_Assignment_. All lines from the one that contains "Lákadlem The Most" to the end of the data must be retyped exactly. Pictures are not retyped.

+++ Material shown +++

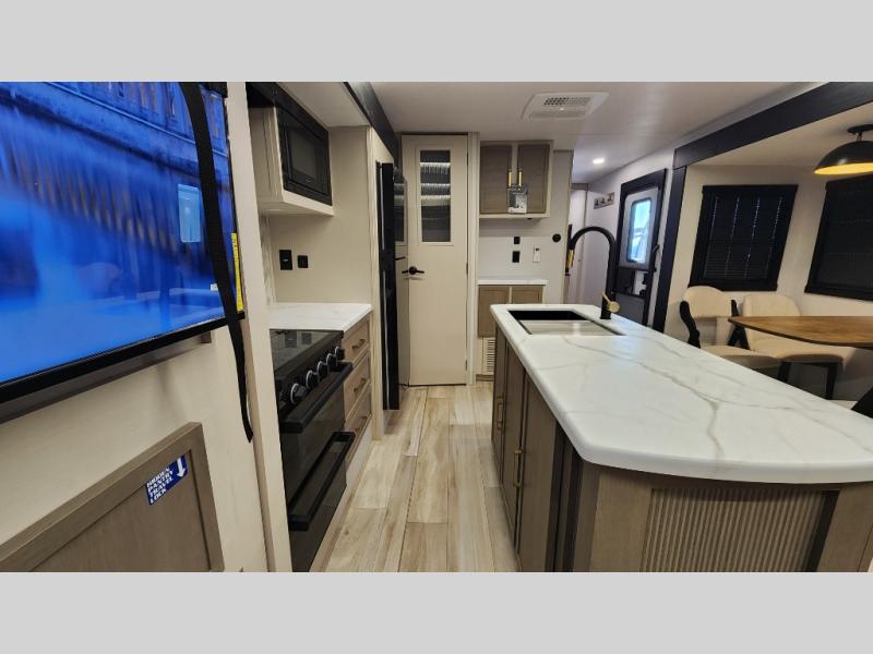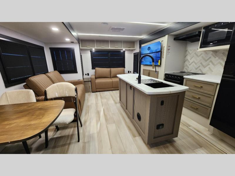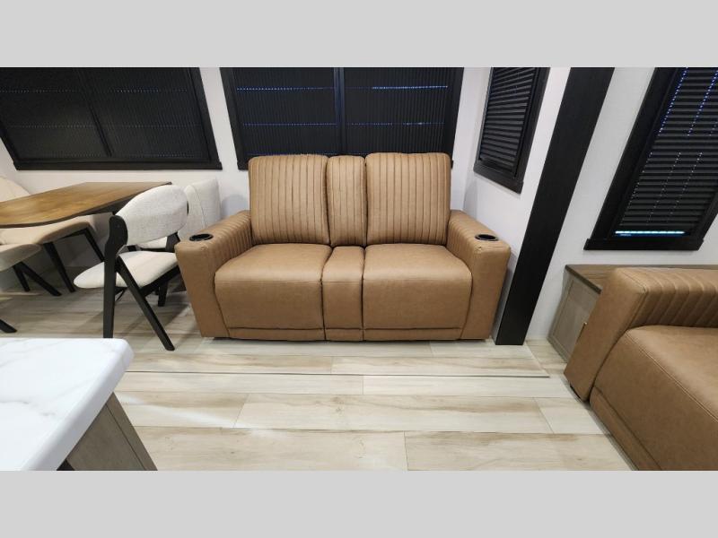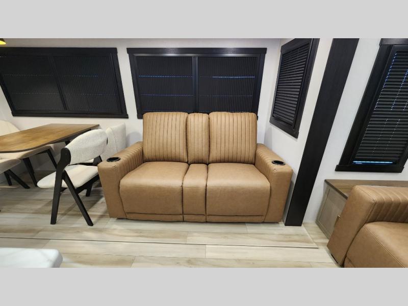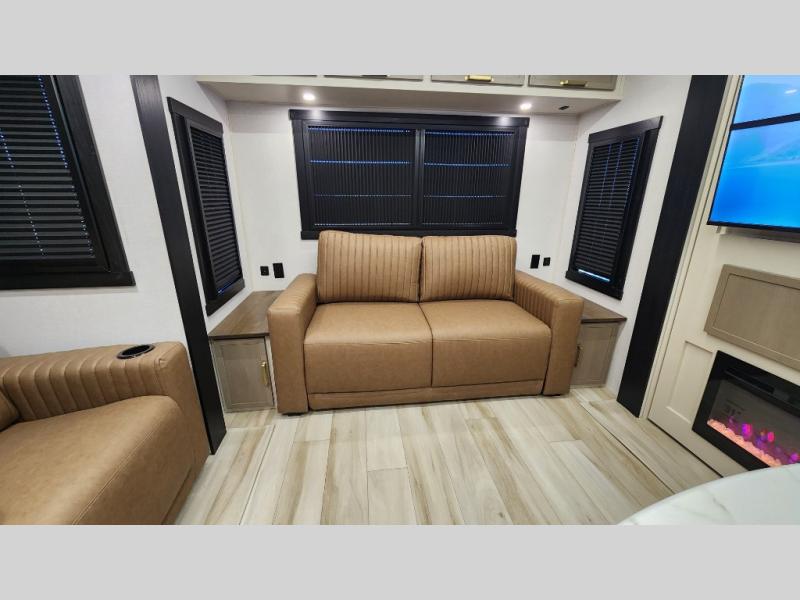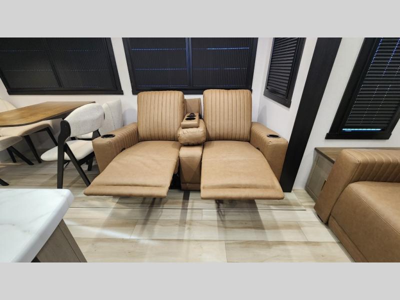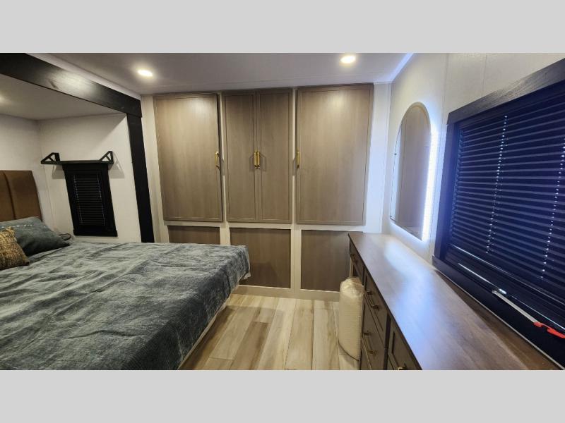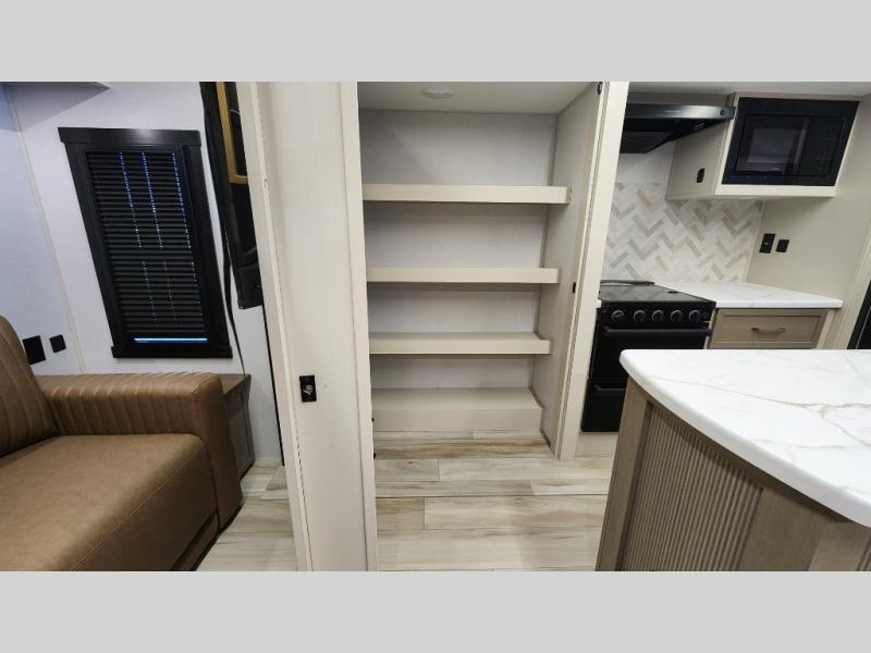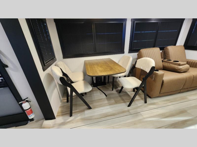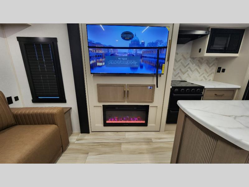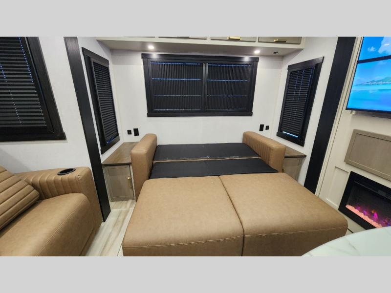 You are going to love the spacious private bedroom with a space-saving door, custom king bed slide, a dresser, and a full-width wardrobe with washer and dryer prep. If you ever decide to get out of bed, you can enjoy a relaxing shower in the residential shower with a skylight and a wide-open kitchen and living area with dual opposing slide outs. The cook will love having a kitchen island, a hutch, a large pantry, plus a 12V refrigerator. There is an entertainment center with a 50" TV and fireplace plus plenty of seating on the furniture. You can dine at the booth dinette or choose to add the free-standing dinette option if you prefer having your own seat. And don't forget about the natural lighting and views you will receive from the panoramic windows.
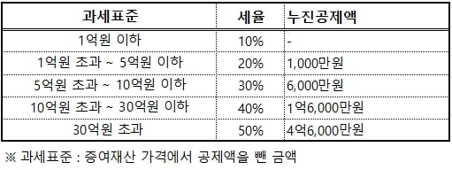증여세는 과세표준에 일정한 증여세율이 곱해져서 산출되며 증여세율은 1억원, 5억원, 10억원 단위로 10%씩 증가합니다. 이렇게 증여세를 계산한 이후에는 누진공제액을 공제하면 되는 것인데요, 예를 들어 보겠습니다.
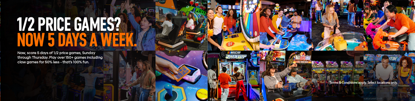 *EAT AND PLAY COMBO: Promotional. Eat & Play Combo. Limited Time only. Offer not valid on Fridays or Saturdays after 5PM. Get an All-American Smashed Burger, Fish & Chips, Boneless Wings, Crispy Chicken Sandwich or Crispy Chicken Strips and $10 Power Card. Fountain drink not available with this offer at all locations. Promotional price starts at $19.99 per person but varies by location. Price may be subject to change at any time. Substitutions available for additional cost. Unlimited gameplay upgrade is valid for 90 minutes starting at time of first gameplay swipe. Offer includes a 30-second lag between each gameplay swipe. Tickets earned on redemption games are capped at 1,500. Not valid on purple swipe games (VR, crane games, pushers, dance games or merchandising games). Valid one per person. Tax and gratuity not included. Not valid with any other promotion. Dine-in only. Restrictions apply. See store for details. Void where prohibited.
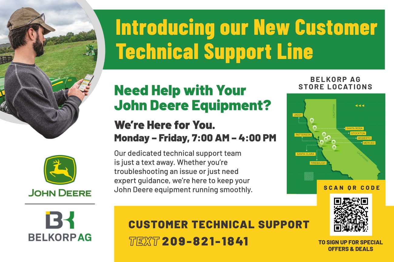 It’s easy! Just text 209-821-1841 with your issue, and one of our experienced service technicians will get back to you soon. You can text us Monday through Friday, 7 a.m. to 4 p.m., for immediate assistance with your John Deere or other machine’s issues.
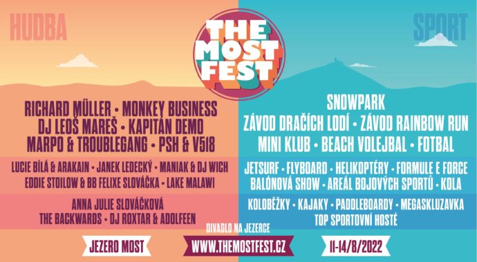 Lákadlem The Most Festu pro sportovní nadšence rozhodně budou dva závody pro veřejnost – Rainbow Run a 10. závod Dračích lodí StarColor Cup. K dispozici bude i skvěle vybavená půjčovna sportovních potřeb. Na souši si můžete užít třeba plážový volejbal, podnikat výzkumné výpravy po okolí na kolech nebo přeplavat „české moře“ na loďce či paddleboardech. Ti odvážnější pak mohou vyzkoušet adrenalinový jetsurfing nebo ještě podmanivější flyboarding.
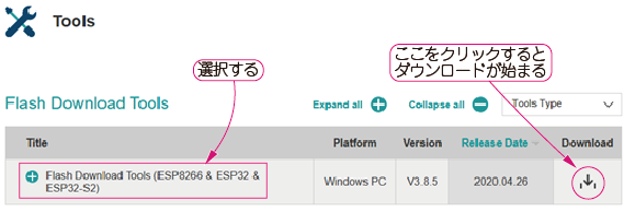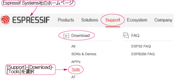 | Espressif Systems社のホームページから[Support]-[Download]-[Tools]を選ぶと,“Flash Download Tools”をダウンロードするページが開く. |

+++

_Task result_.
 Lákadlem The Most Festu pro sportovní nadšence rozhodně budou dva závody pro veřejnost – Rainbow Run a 10. závod Dračích lodí StarColor Cup. K dispozici bude i skvěle vybavená půjčovna sportovních potřeb. Na souši si můžete užít třeba plážový volejbal, podnikat výzkumné výpravy po okolí na kolech nebo přeplavat „české moře“ na loďce či paddleboardech. Ti odvážnější pak mohou vyzkoušet adrenalinový jetsurfing nebo ještě podmanivější flyboarding.
 | Espressif Systems社のホームページから[Support]-[Download]-[Tools]を選ぶと,“Flash Download Tools”をダウンロードするページが開く. |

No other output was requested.